Listen Labs and Talat are both AI meeting assistants for recording, transcription, and summaries, compared here on pricing, features, and workflow fit. Listen Labs: Enterprise AI customer research platform that recruits participants, runs AI-moderated interviews, and delivers executive-ready insight reports. Talat: A privacy-first desktop meeting notes app that records and transcribes calls entirely on your own machine, with no bot and no cloud upload. They overlap on ai-meeting-assistants, so the right pick depends on team size, budget, and which meeting workflows you automate.
For ai-meeting-assistants workflows, shortlist Listen Labs when replacing or supplementing surveys with scalable ai-led customer interviews matters most, and Talat when recording and transcribing meetings without sending audio to the cloud matters most. Both record across Zoom, Google Meet, and Microsoft Teams; trial each on real meetings before committing.

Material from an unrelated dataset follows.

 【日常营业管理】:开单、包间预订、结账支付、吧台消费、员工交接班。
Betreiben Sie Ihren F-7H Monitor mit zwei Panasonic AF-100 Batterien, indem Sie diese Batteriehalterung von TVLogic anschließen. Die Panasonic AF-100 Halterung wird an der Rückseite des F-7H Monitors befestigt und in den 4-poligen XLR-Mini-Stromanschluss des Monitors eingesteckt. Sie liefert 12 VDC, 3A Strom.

Enterprise AI customer research platform that recruits participants, runs AI-moderated interviews, and delivers executive-ready insight reports.
AI interviewer running personalized video, audio, and text interviewsAutomated key themes, takeaways, and persona generationExecutive-ready reports with highlight reels and slide decks
A privacy-first desktop meeting notes app that records and transcribes calls entirely on your own machine, with no bot and no cloud upload.

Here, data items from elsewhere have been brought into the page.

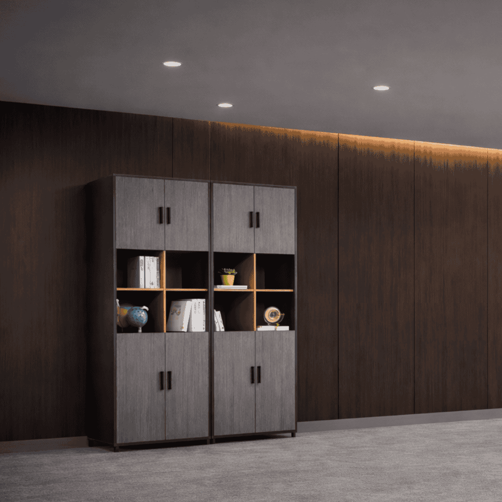 This modern office bookcase combines closed storage and open display shelves in a refined two-tone finish. Designed for organized workspaces, it offers practical storage while enhancing interiors with a clean, contemporary look ideal for executive offices and professional environments.
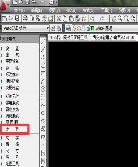 1.打开天正电气2014,点击左侧工具栏中的“计算”按钮;
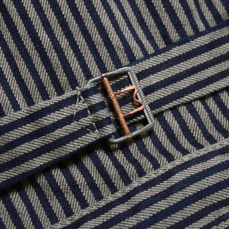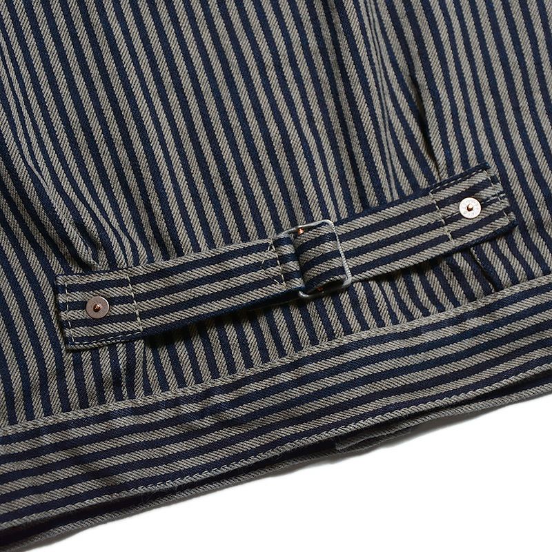 兵庫西脇の旧式織機で製造した14ozヒッコリーデニム。ロープ染色インディゴ糸と2色を撚り合わせた杢糸を定数づつ並べてヒッコリーデニムを形成しています。そのため、インディゴ特有の経年変化を楽しめます。

Captures microphone and system audio from Zoom, Teams, Meet, and FaceTimeFully local, on-device recording and transcription with no cloud uploadLocal search across all previously recorded meetings
Listen Labs is a free tier with paid upgrades (freemium); Talat is a free tier with paid upgrades (freemium). Always confirm current pricing on each vendor's site before buying.
AI interviewer running personalized video, audio, and text interviews
Fully local, on-device recording and transcription with no cloud upload
Standout feature
Global participant recruitment with bring-your-own-audience option
Captures microphone and system audio from Zoom, Teams, Meet, and FaceTime
Team usage
Stimulus testing with videos, images, and Figma prototypes
Real-time speaker identification with editable transcript segments
Integrations
Automated key themes, takeaways, and persona generation
On-device LLM summaries of key points, decisions, and action items
Languages & capture
Executive-ready reports with highlight reels and slide decks
Markdown export to tools like Obsidian, plus webhooks and MCP support
Best-fit workflow
Support for 100+ languages with translation and transcription
Local search across all previously recorded meetings
Best for
Listen Labs
Choose Listen Labs if you need replacing or supplementing surveys with scalable ai-led customer interviews — strengths include end-to-end automation from recruitment to executive-ready deliverables.
Talat
Choose Talat if you need recording and transcribing meetings without sending audio to the cloud — strengths include audio and notes never leave the device, supporting strong privacy and offline use.
Pros & cons
Listen Labs
+ End-to-end automation from recruitment to executive-ready deliverables
+ Large global participant network reduces sourcing effort
- Enterprise positioning may exceed the needs and budgets of small teams
Talat
+ Audio and notes never leave the device, supporting strong privacy and offline use
+ One-time purchase model rather than a recurring subscription
- Limited to Apple Silicon Macs and Windows, with no mobile or web version
FAQ
Is Listen Labs or Talat better for AI meeting notes?
It depends on your workflow. Listen Labs is strong for replacing or supplementing surveys with scalable ai-led customer interviews, while Talat is strong for recording and transcribing meetings without sending audio to the cloud. Both transcribe and summarize meetings.
How do Listen Labs and Talat compare on price?
Listen Labs is a free tier with paid upgrades and Talat is a free tier with paid upgrades. Check each vendor's pricing page for the latest plans and free-tier limits.
Can I use both Listen Labs and Talat?
Yes. Many teams run more than one meeting assistant when the workflows are complementary and the budget is justified.